Asked 5/6, 2015 at 16:25 Answered 21/3, 2019 at 17:40

I don't understand why we bother fragmenting at RTP level if UDP (or IP) layer does the fragmentation.

As I understand it, let's say we are on Ethernet link, the MTU is 1500 bytes.

If I have to send, for example, 3880 bytes, fragmenting at IP layer, would results in 3 packets of respectively 1500, 1500, and 940 bytes (IP header is 20 bytes, so the total overhead results in 60 bytes).

If I do it at UDP layer the overhead will be 84 bytes (3x 28 bytes).

At RTP layer it's 120 bytes of overhead.

At H264/NAL packetization layer, it's 3 more bytes (so 123 bytes final) for FU-A mode.

For such a small packet, it makes a final increase of 3.1% for the initial packet size, while at IP layer, it would only waste 1.5% overall.

Is there any valid reason to bother making such a complex packetization rules at RTP layer knowing it'd always be worse than lower layer fragmentation?

Bolometer answered 5/6, 2015 at 16:25 Comment(0)

Except for the first fragment, fragmented IP traffic does not contain the source or destination port numbers. Instead it glues packets together using sequence IDs. This makes it impossible for stateless intermediate network devices (switches and routers) that need to re-install QoS (because .1p or DSCP flags were cleared by another device or never existed in the first place.) Unless the device has the resources to manage per-session state, it either has to risk rate-limiting/prioritizing fragments from unrelated streams, or not prioritizing any fragments, some of which can be voice/video.

AFAIK RTP packets never IP-fragment unless the network has MTU mismatches in it. Hence each UDP header has source and destination port numbers, so if you can tame your clients to use known port ranges, you can re-establish QoS markings based on this information, and you can pass IP fragments as vanilla traffic and not worry about dropping voice/video data.

Dugald answered 26/1, 2018 at 17:7 Comment(0)

RTP is designed with UDP in mind.

Applications typically run RTP on top of UDP to make use of its multiplexing and checksum services; both protocols contribute parts of the transport protocol functionality.

However RTP services that are added to raw UDP such as ability to detect packet reordering, losses and timing require that UDP data consists of RTP payload and also service information.

The Internet, like other packet networks, occasionally loses and reorders packets and delays them by variable amounts of time. To cope with these impairments, the RTP header contains timing information and a sequence number that allow the receivers to reconstruct the timing produced by the source, so that in this example, chunks of audio are contiguously played out the speaker every 20 ms. This timing reconstruction is performed separately for each source of RTP packets in the conference. The sequence number can also be used by the receiver to estimate how many packets are being lost.
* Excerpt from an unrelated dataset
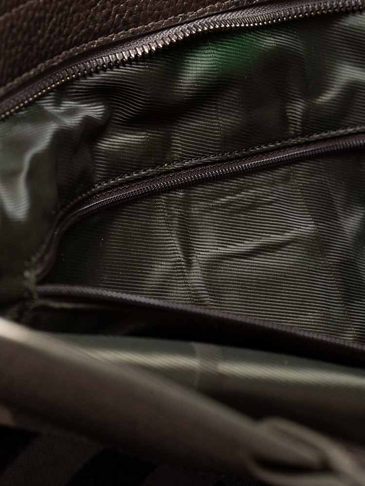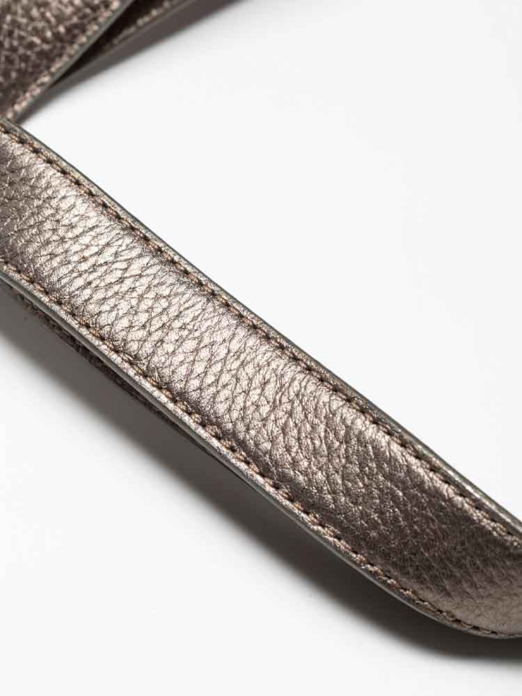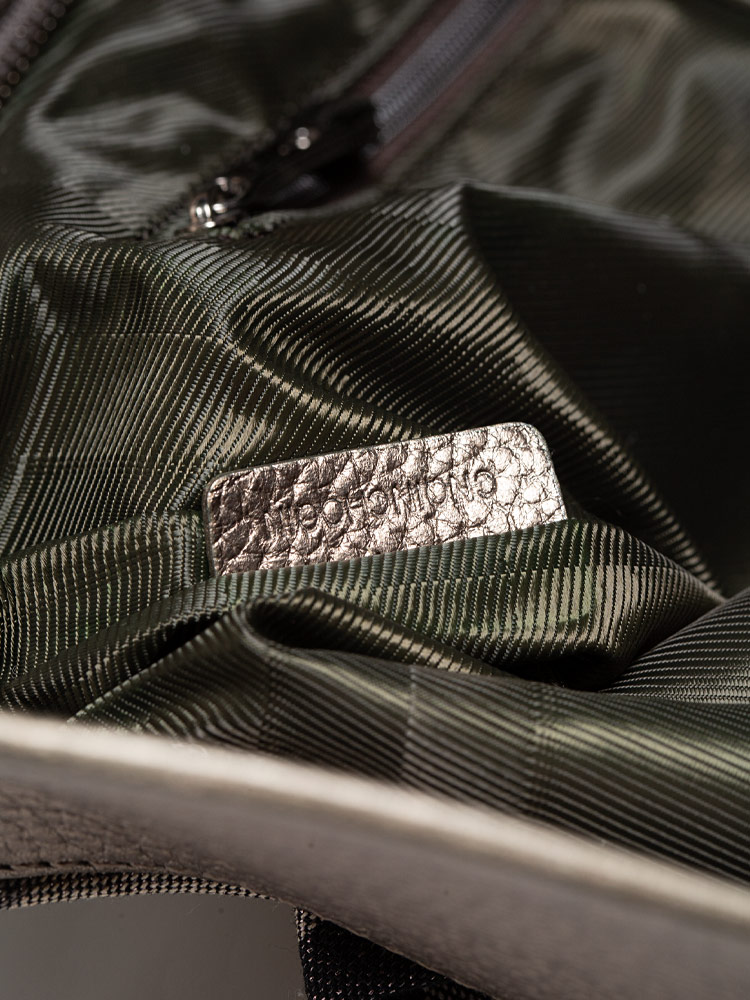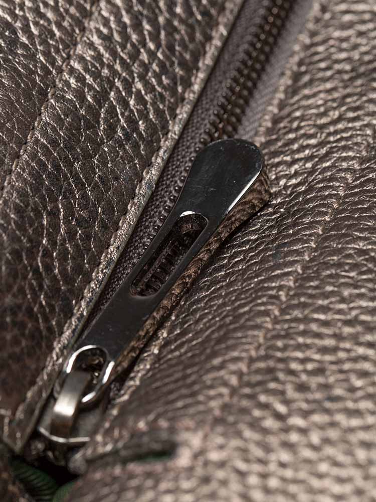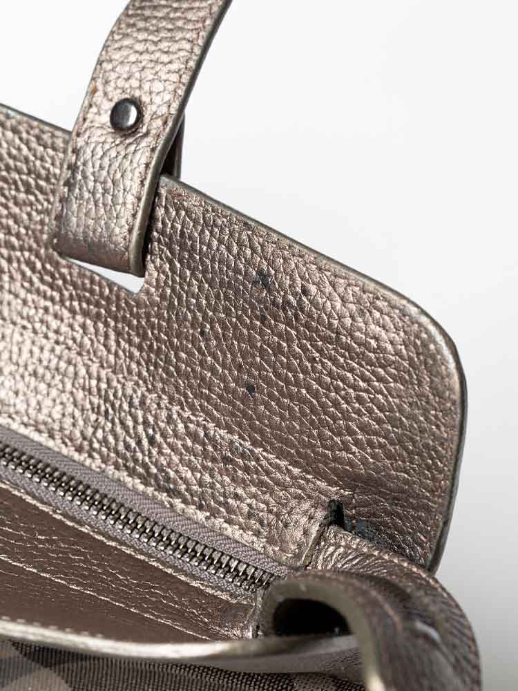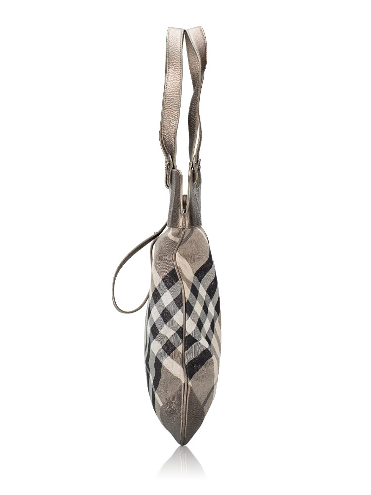 This tote is crafted of metallic nova check canvas and leather trim in grey. Features matching grey strap leather handles and leather trim at the corners, and top crest. The top zipper opens to a jacquard interior with zipper and patch pockets.

Then RTP is designed to be extensible, common headers and data specific payload:

RTP is a protocol framework that is deliberately not complete. This document specifies those functions expected to be common across all the applications for which RTP would be appropriate. Unlike conventional protocols in which additional functions might be accommodated by making the protocol more general or by adding an option mechanism that would require parsing, RTP is intended to be tailored through modifications and/or additions to the headers as needed.
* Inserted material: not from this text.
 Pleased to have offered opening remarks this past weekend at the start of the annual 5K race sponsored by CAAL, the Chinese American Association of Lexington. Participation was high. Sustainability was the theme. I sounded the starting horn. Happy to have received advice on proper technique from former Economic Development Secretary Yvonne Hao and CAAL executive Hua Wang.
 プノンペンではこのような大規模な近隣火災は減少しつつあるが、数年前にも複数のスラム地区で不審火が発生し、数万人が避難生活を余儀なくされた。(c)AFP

All quotes are from RFC 1889 "RTP: A Transport Protocol for Real-Time Applications".

That is, RTP overhead for H.264 stream is not just a waste of bandwidth. RTP headers and H.264 payload formatting allow, at moderate cost, to handle video data streaming in a more reliable way, and in the same time to leverage specification which is well defined and good for different sorts of data.

Outbreed answered 8/6, 2015 at 22:35 Comment(5)
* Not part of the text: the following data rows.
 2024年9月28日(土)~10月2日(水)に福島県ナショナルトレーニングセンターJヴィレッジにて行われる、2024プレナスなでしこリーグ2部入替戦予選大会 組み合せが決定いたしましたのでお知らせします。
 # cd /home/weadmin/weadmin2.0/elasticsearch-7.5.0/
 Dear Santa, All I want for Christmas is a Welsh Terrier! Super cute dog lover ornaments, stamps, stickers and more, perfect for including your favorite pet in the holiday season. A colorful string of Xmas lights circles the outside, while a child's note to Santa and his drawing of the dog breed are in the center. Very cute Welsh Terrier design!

While what you say is clearly true, it's not answering the question I've asked. I don't ask why to use RTP over UDP (it's clear to me), but what is the need for H264's FU-A fragmentation since sending a large packet will end up consuming more data than using IP layer fragmentation instead (which will not lead to reorder, since the complete RTP packet & header will be preserved). – Bolometer 9/6, 2015 at 11:2

You need some data to identify what kind of packet you received. Out of order packet? Packet with NAL unit? Part of NAL unit? Apparently there should be a few bytes reserved to provide such identification. Then H.264 transmission is designed in such way that there is no need to detect start codes to parse NAL units out (which would again consume a few bytes otherwise), so it should be clear whether a packet is a NAL unit with padding, or a few NAL units are small enough to fit single UDP packet. This is where FU-A comes from - a method to arrange NAL units to split them into parts. – Outbreed 9/6, 2015 at 11:40

What I meant is if I have a NAL of 56kB, and send a 56kB RTP packet, it'll be split by IP layer in as many IP packet as required and will be received as a single 56kB RTP packet by the client (and in order, or it'll not be there at all). The (initial) NAL header will still be present. That scheme waste a lot less overhead than sending 38x 1.5kB RTP packets with FU-A markers. Also, the Start and End bit in FU-A headers are redundant with RTP's header marker / seq number and timestamp since they must match. – Bolometer 12/6, 2015 at 16:32

Well, imagine you lost a packet and what would it take to catch up with your method, and with RFC defined. – Outbreed 12/6, 2015 at 18:0

If you loose any single packet (whether FU-A/RTP or IP's part version), you can not rebuild the NAL unit. In the end, you'd get the same results with both method. Hence I don't understand your last comment. – Bolometer 13/6, 2015 at 21:35

I'd like to add that a lot of RTP servers/senders go about sending split datagrams inefficiently.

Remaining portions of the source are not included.